Pliensbachian environmental perturbations and their potential link with volcanic activity: Swiss and British geochemical records

https://doi.org/10.1016/j.sedgeo.2020.105665Get rights and content

Highlights

  • Phosphorus and oxygen isotopes provide evidence of climatic changes during the Pliensbachian.

  • Carbon isotope shifts are associated with climatic changes during the Pliensbachian.

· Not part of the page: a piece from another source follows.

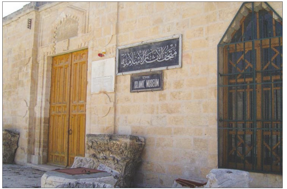
성전 산에서 볼 수 있는 이슬람 박물관
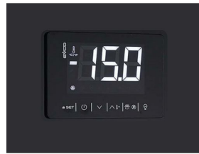
Thermostat tactile numérique

  • Mercury analysis may provide evidence of volcanic events during the Pliensbachian.

Abstract

The mechanisms leading to environmental and climate change prior to and anticipating the well-studied Toarcian oceanic anoxic event are not completely understood. Specifically, the role of the continuing break-up of Pangea, associated palaeogeographic rearrangements, and the influence of volcanic activity are less well known. Therefore, we studied the Pliensbachian interval in the open marine, hemipelagic section of the Breggia Gorge in southern Switzerland, to elucidate the potential impact of these major changes on the environment and climate. We identified carbon isotope excursions towards lower values in whole-rock carbonates dated from the Sinemurian/Pliensbachian boundary, davoei, margaritatus, and spinatum Zones, and possibly from the Pliensbachian-Toarcian boundary. Using the whole-rock oxygen isotope record and phosphorus content, we associated these events with phases of increased runoff possibly related to climate warming. We also established the first mercury (Hg) record for the entire Pliensbachian, and in order to verify its validity, we analysed an additional section located along the Dorset coast in southern England. The presence of Hg spikes common in both sections may indicate the influence of episodes of increased volcanic activity. The Hg spike during the earliest Pliensbachian may coincide with a late phase of the central Atlantic magmatic province, and/or increased rifting linked with the opening of the Hispanic corridor. Further significant maxima in Hg contents are observed within the davoei and margaritatus Zones, and both phases may correspond to early volcanic activity of the Karoo-Ferrar large igneous province. Further analyses are, however, needed to corroborate this interpretation and evaluate the importance of organic-matter scavenging and detrital input in comparison to volcanic activity.

Introduction

The Early Jurassic interval witnessed important palaeoceanographic, climate and environmental changes, which were triggered by major tectonic processes leading to palaeogeographic reorganisation, volcanic activity, and associated increases in atmospheric CO2 (McHone, 1996; Marzoli et al., 1999; Jourdan et al., 2008). The supercontinent Pangaea started to break up during the latest Triassic leading to the opening of the Central Atlantic Ocean. As a consequence, numerous epicontinental basins were formed through “Europe”, and seaways opened connecting “Europe” to Panthalassa and the Arctic through the Hispanic Corridor (latest Sinemurian-early Pliensbachian) (Aberhan, 2001; Van de Schootbrugge et al., 2005; Korte and Hesselbo, 2011) and Viking Strait (Early Jurassic, less well dated) (Bjerrum et al., 2001; Surlyk, 2003; van de Schootbrugge et al., 2005). Furthermore, the Central Atlantic Magmatic Province (CAMP), which triggered the mass extinction event at the end of the Triassic, remained active during the Early Jurassic (Cohen et al., 1999, Cohen et al., 2004; Cohen and Coe, 2002; Olsen et al., 2003; Whiteside et al., 2007; Kuroda et al., 2010; Rühl et al., 2016). The Karoo-Ferrar Large Igneous Province, which impacted life and the environment during the early Toarcian may have also started earlier during the Pliensbachian (Pankhurst et al., 2000; Jourdan et al., 2008; Caruthers et al., 2014; Ivanov et al., 2017). In addition, carbon storage patterns (Suan et al., 2010; Silva et al., 2011; Caruthers et al., 2014), possibly glacio-eustatic dynamics (Suan et al., 2010; Krencker et al., 2019; Ruebsam et al., 2019), and orbital parameters (Martinez and Dera, 2015; Rühl et al., 2016) modulated the climate changes during this interval.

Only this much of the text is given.